Music or Conceptual Art?
Giordano Bruno | Wherever I am, I am. | 05/15/2010
(5 out of 5 stars)
"That's an open, and I hope non-judgmental, question. "Via Crucis" embodies both a radically creative direction in the performance of 17th C music and an apparently sincere 'spirituality' expressing itself in the concept of a penitential procession in music and words. I make no bones about my indifference to spirituality, so any praise I offer this performance has to do with its musicality.
Harpist Christina Pluhar and her ensemble L'Arpeggiata have stretched the limits of "historically informed performance" well beyond any notion of time-machine replication of the sounds people heard in the 1600s. For me, this was and is an inevitable evolution; the purpose of the "early music" movement was never museum-like costume music but rather the development of a NEW playing tradition based on both scholarly and intuitive understanding of OLD music, using old notation and other archival sources, surviving traces of old practice in traditional musics, and of course reproduction of the old instruments along with rediscovery of their virtues. L'Arpeggiata has arrived on the scene at a moment when the skills of the singers and instrumentalists committed to that NEW/Old playing tradition are ripe. It's those skills that make Pluhar's amalgamations and experimentations plausible. But there was precedent for her notions decades ago. Cornettist Doron Sherwin could testify to that; in the late 70s, he was doing some of the same jazzy licks in the California-based ensemble "Pastime with Good Company."
Sherwin's role in L'Arpeggiata is indispensable. His improvisations are the 'fire' that ignites many of the tracks on Via Crucis, as well as on Pluhar's earlier CD of Monteverdi, titled Teatro d'Amore. Without Sherwin, a lot of what L'Arpeggiata does would sound heavy-handed.

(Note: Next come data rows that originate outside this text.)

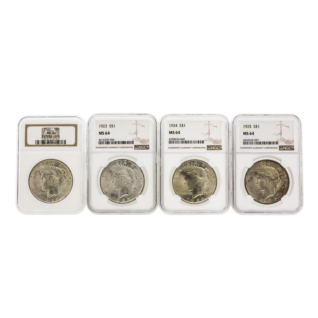 One Set of 1922-1925 $1 Peace Silver Dollar Coins NGC MS64. NGC Certified.
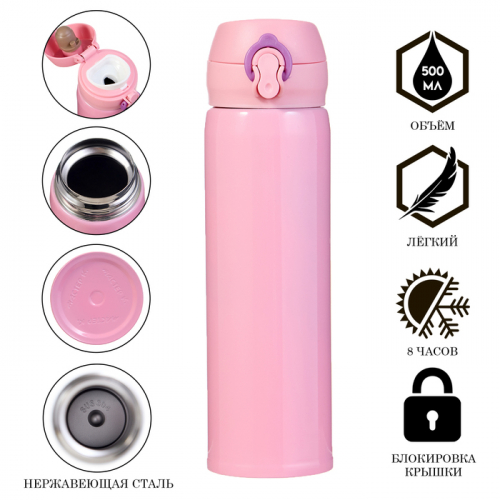 Термос Мастер К «Топ», 500 мл, сохраняет тепло 8 ч, нержавеющая сталь, микс
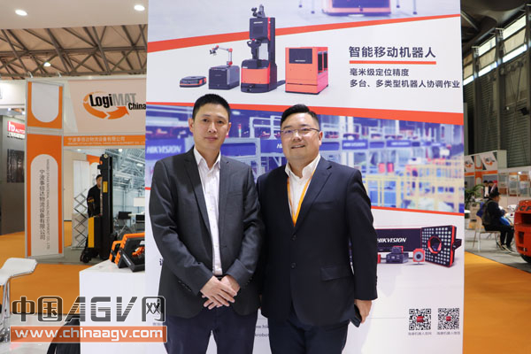 海康威视移动机器人事业部总经理杨卓(右)与我网记者合影
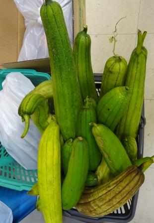 大きなへちまがとれました。水につけて皮をとって身体をゴシゴシ洗うスポンジになります。
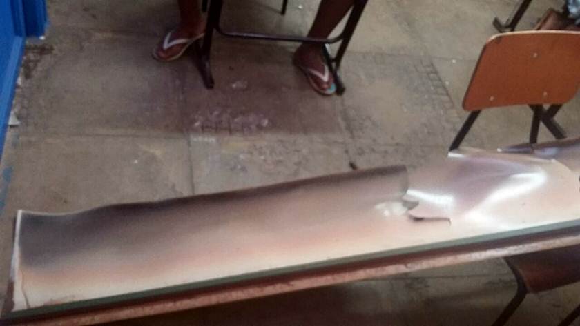Uma placa no teto de uma das salas da Escola Classe 59, em Ceilândia, caiu em cima de uma mesa utilizadas pelos alunos, em horário de aula, após as chuvas da tarde desta quarta-feira (5/10). Segundo informações de funcionários do colégio, o material quase atingiu um dos estudantes, que havia sido trocado de lugar minutos antes pela professora, por conta das gotas de água que caiam em cima da cadeira dele.
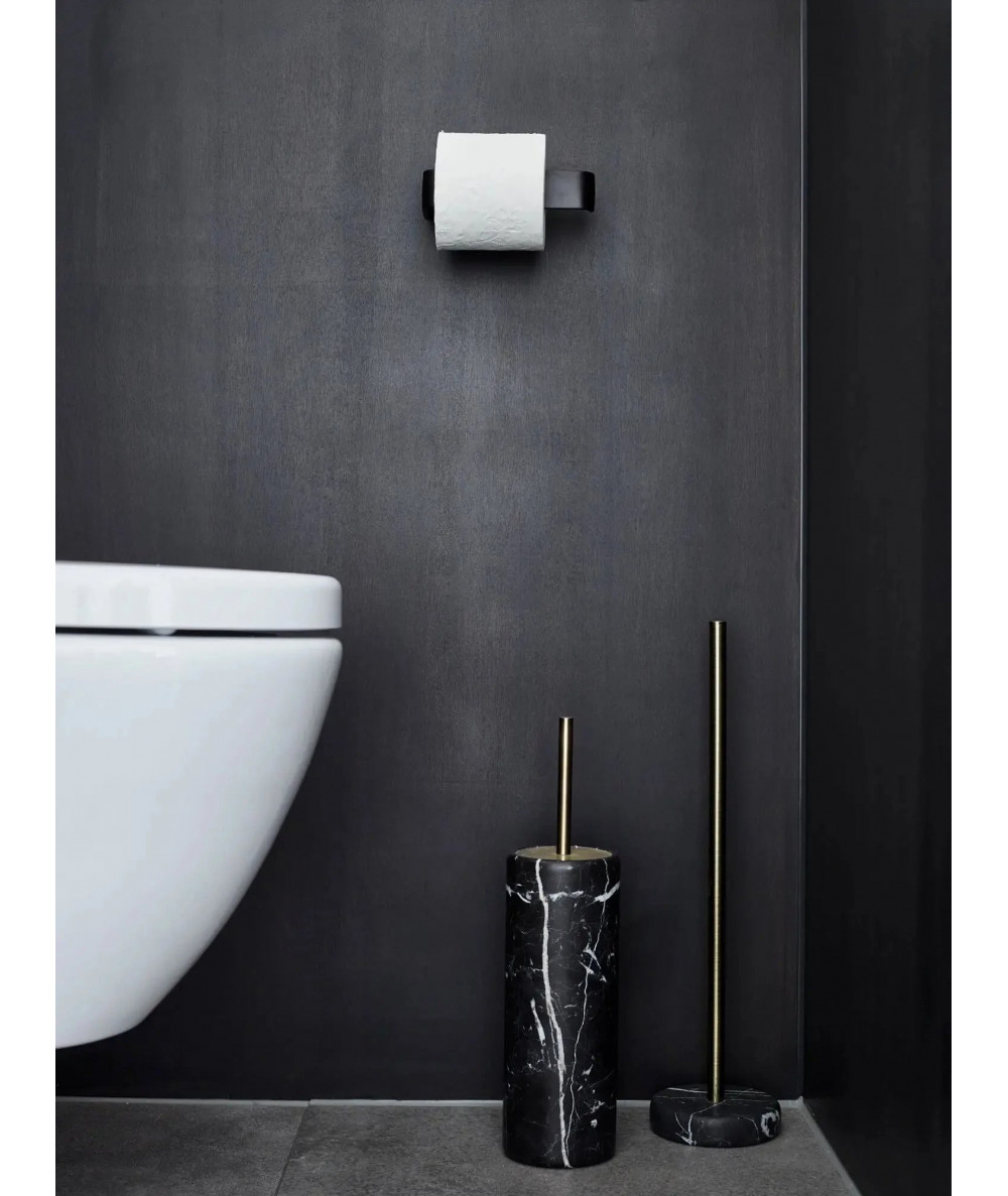 Den flotte toiletpapirholder er fra Aquanova og er en del af Nero serien, som også består af sæbeskål, tandkrus, spejl og toiletbørste. Toiletpapirholderen har et elegant udtryk, som passer smukt til køkkenbordet ved håndvasken. Toiletpapirholderen er håndlavet i marmor, hvilket gør toiletpapirholderen unik, da der ikke er to der er ens. Toiletpapirholderens stang er lavet i rustfri stål og har en messing overflade, som giver et eksklusivt udtryk. Fordi toiletpapirholderen er lavet i rustfrit stål, så vil den aldrig ruste. Den har et flot design og passer flot ind i den skandinaviske indretningsstil.

Via Crucis is an amalgamation of written 16th and 17th C compositions by Biber, Rossi, Merula, Sances, and Monteverdi with 'traditional' religious-festive music of Corsica. The performers are amalgamated also: from the HIP world, male soprano Philippe jaroussky and female soprano Nuria Real; from the Trad world, the Corsican male quartet 'Barbara Furtuna', both camps supported by the instruments of L'Arpeggiata: harps, lutes, guitars, psalterion, hammered dulcimer, violins,gambas, cello, contrabasses, organ, harpsichord, and percussion!
The "concept" is a Procession, a theatrical representation of the "Way of the Cross". Appropriately, almost all of the music is processional in structure, employing the hypnotic step-rhythms of the passacaglia (pass the street!), ciaccona, and other "figured bass" repetitions that were immensely popular in the 17th C and that have survived in "pop" music around the European-colonized world.

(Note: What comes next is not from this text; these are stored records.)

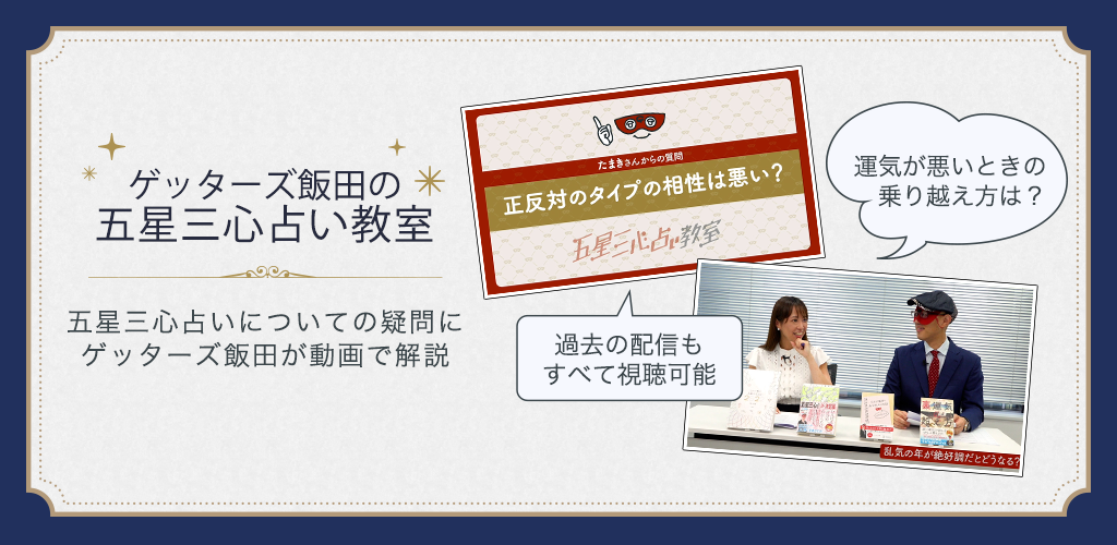 "연예계 최강 점쟁이"라고 불리며 TV, 라디오, 잡지 등 다양한 미디어에서 활약중인 겟타즈 이이다가 완전 감수한 공식 운세 사이트!
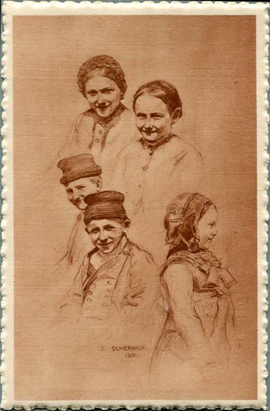 galerie / 16 - Œuvres d'artistes lorrains (dessinateurs, peintres, sculpteurs...) / SCHERBECK Jean (Photographe, dessinateur, peintre) / 13 - Têtes d'Alsace - série 1 (10 cartes numérotées) / 9
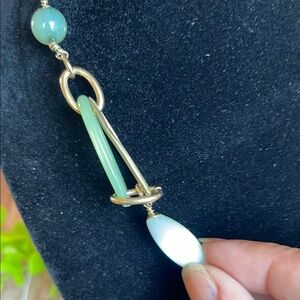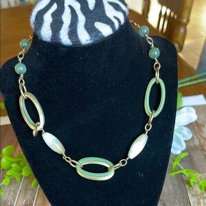 Liz Claiborne Green and Gold Necklace with Oval Links
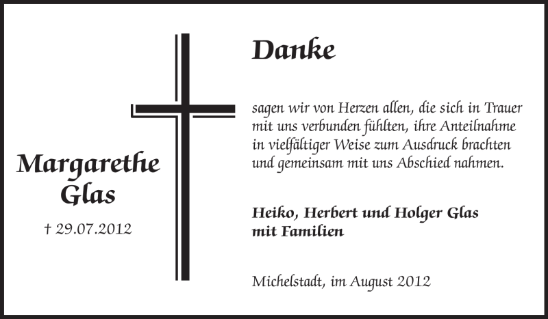 Hier finden Sie alle Traueranzeigen aus der Zeitung, die bisher für Margarethe Glas erschienen sind. Weitere Traueranzeigen, die in der Zeitung erscheinen, werden hier ebenfalls aufgelistet
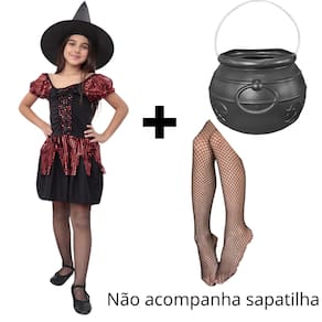 Contém: Vestido, chapéu, meia calça e caldeirão. NÃO ACOMPANHA DEMAIS ACESSÓRIOS
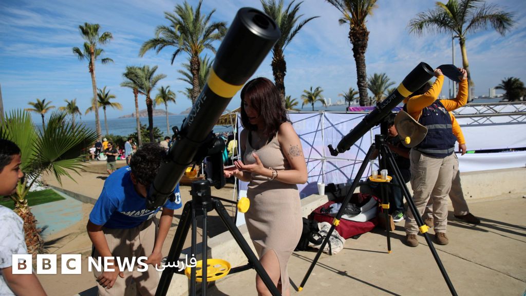 توضیح تصویر، تجمع مردم و آماده کردن تلسکوپها برای دیدن این پدیده نادر در مزاتلان در ایالت سینالوآ مکزیک
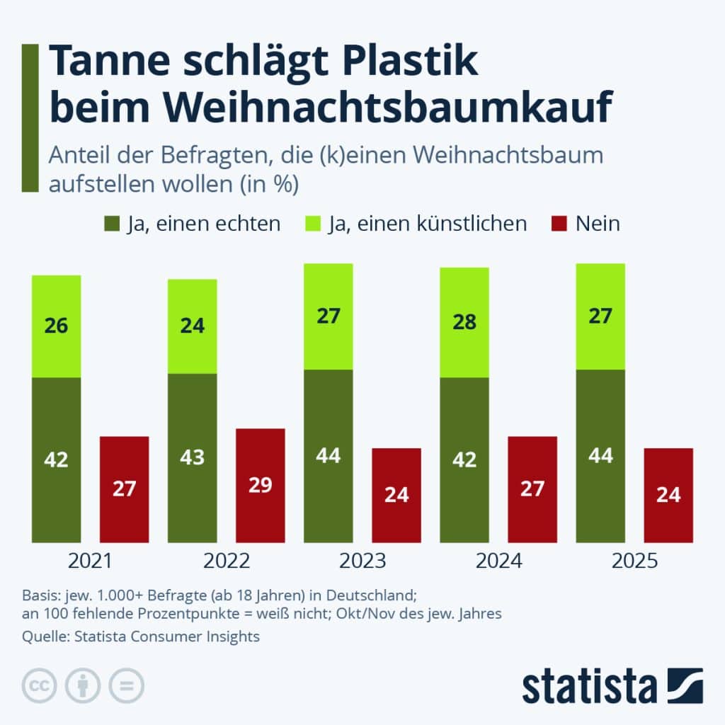 Demnach wollen sich 44 Prozent der Umfrageteilnehmer:innen 2025 einen echten Weihnachtsbaum zulegen. Das liegt in etwa auf Linie mit den Baumentscheidungen der letzten Jahre, wie der Blick auf die Statista-Grafik zeigt. Dagegen sind Plastikbäumen vergleichsweise unbeliebt, 27 Prozent wollen dieses Jahr eine künstliche Tanne aufstellen. Ein ähnliche großer Anteil der Befragten verzichtet ganz auf einen Baum. (Quelle: Statista/cw)
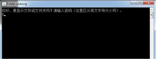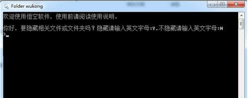 第三步:点击悟空软件,弹出如下对话框,询问是否要加密隐藏悟空文件夹,在键盘上输入英文字母Y,按回车键,包含你的秘密文件的悟空文件夹会立即消失。
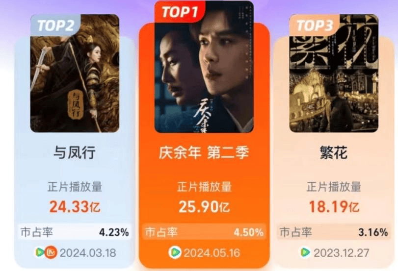 據燈塔出具的《2024H1劇集市場洞察報告》顯示,愛奇藝、優酷、騰訊視頻的H1劇集總播放量均實現增長,總播放量差額保持在4億之內,幾乎可以忽略不計,**市佔率也幾乎持平。**2024H1電視劇正片播放量排行top10中,騰訊視頻和愛奇藝分佔4部獨播劇,優酷1部,芒果TV參與1部拼播(《與鳳行》),但騰訊視頻的《慶餘年第二季》《與鳳行》和《繁花》包攬了前三,主打一個風光無限。
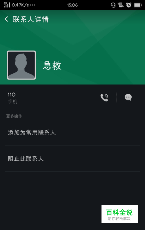 首先在电话本里存入急救电话。我存的是110
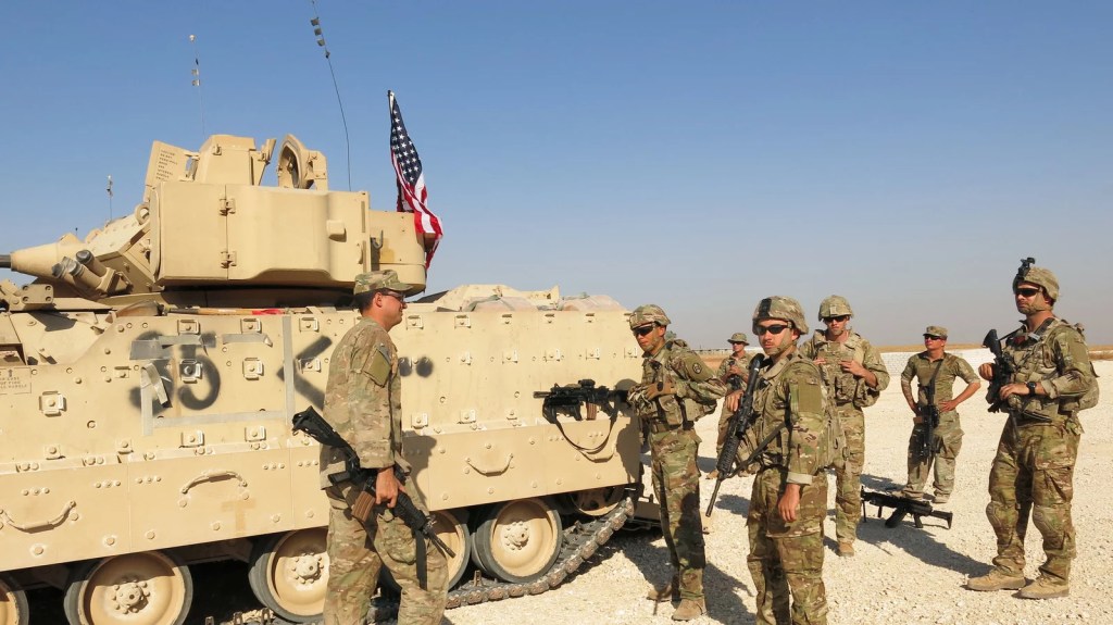 A new U.S. brigade combat team arrives in front of a Bradley Fighting Vehicle at a base in Syria’s Hasakah province in 2019. (Photo cred: Jane Arraf/NPR)

On the whole, I find this performance just a little less to my personal taste than Pluhar's Teatro d'Amore CD, but still it's extremely fresh and exciting. I don't want to rubber-stamp every bold trick in Pluhar's bag; the rendition of Merula's 'Hor ch'e tempo di dormire' (track 4) gets altogether too space-age reverberant and quasi-reverent for me. But such energy and imagination must be cultivated if the 'early music' movement has any intentions of surviving and expanding its audience."
Zachary Rogg-Meltzer | NYC | 05/03/2010
(5 out of 5 stars)
"L'Arpeggiata, the French-based ensemble directed by Austrian-born harpist Christina Pluhar has achieved another success, with the release of the new album titled "Via Crucis." The vocal and instrumental components blend together very well, and make this CD an even more powerful listen. There is a religious component that is audible when listening to this piece, which makes sense because "Via Crucis" translates to the way of the Cross. Even if you are not a fan of music with religious undertones, you will still immensely enjoy this CD."